Reverse Whois is a paid service that tracks domain name purchases, but at a significant cost, which is only typically useful when the benefit is large. The competition leveraged this tool and eventually engineered MyWidget+ so it would have differentiated features and a slick design, which would add significant value over iWidget. The test web site on the new domain name should not have been accessible to anyone except internal staff, but due to a glitch during a routine technical maintenance window, the site briefly became available to the outside world. The competition previously wrote a program to check for this, because they noticed it was likely to happen every third Sunday around midnight, based on an observation made by someone in their staff previously. In the end, the MyWidget+ product went on to sell ten times as well as iWidget due to the late introduction and lesser feature set.
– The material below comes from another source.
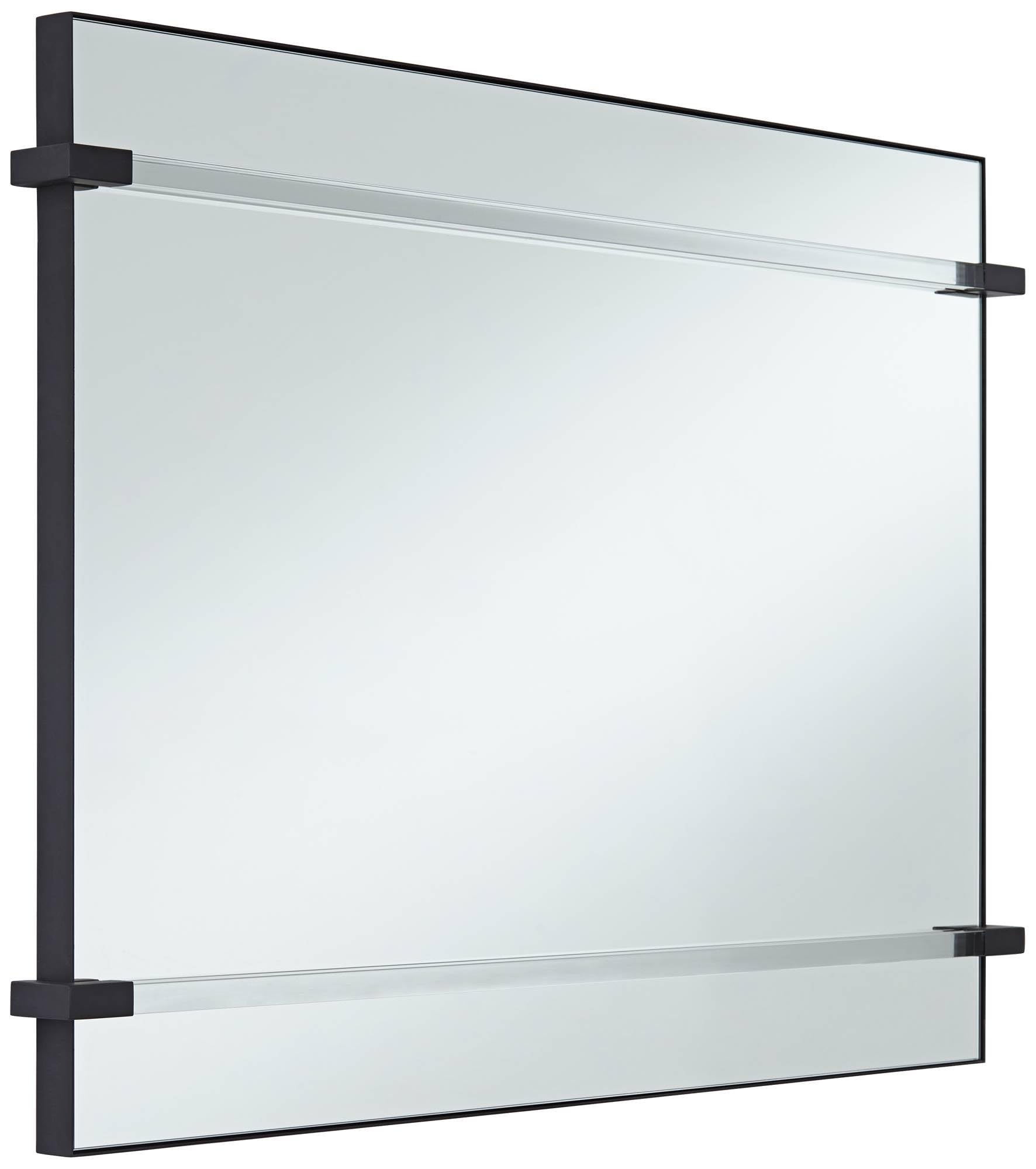 - Matte black finish over iron frame. Polished edge. Square acrylic rods suspended over floating mirror. Non-beveled glass.

In summary, although these examples seem contrived, they certainly are not. These type of attacks can and do occur. I have witnessed and performed very tactical exploitation of business targets in my work on both the defensive and offensive side of information security. There are entire “red teams” that get paid to do this legally in order to test corporate defenses, usually without the IT staff even knowing. These legitimately paid attackers generally have a tremendous amount of skill and are rarely detected or caught. They consider themselves a failure if they cannot get access to the highest valued targets, which could be a senior executive’s email.
A friend of mine once mentioned an interesting occurrence on an international flight. He was writing some penetration testing# tools and decided to debug them on the way. He was writing a new wireless (WiFi) sniffing and interception tool. In his testing, the tool would pretend to be a common WiFi HotSpot, like “Free Internet”, or “Starbucks”. Most computers automatically connect to previously named HotSpots, so if anyone on the flight had their WiFi turned on, he would be able to get them to connect and see their data. As luck would have it, a few computers connected. One of the computers was more interesting than the rest and kept trying to reach a corporate email server to send an unsent email from Outlook. His tool was designed to appear like the email server and accept any email. On this test, the emails he received detailed a proposed acquisitions deal. That’s not something you want getting out too early!
Many proficient security experts leverage new methods of attack that have never before been made public, just to gain access and get paid. Now that you know this, what will you do? Maybe you already knew all this? Either way, it may give you some ideas about how to play the game of competitive intelligence a little bit differently, especially if you are operating in the grey area. At the very least, you might have some insight into how to protect yourself or be more cautious in the future. Stay safe.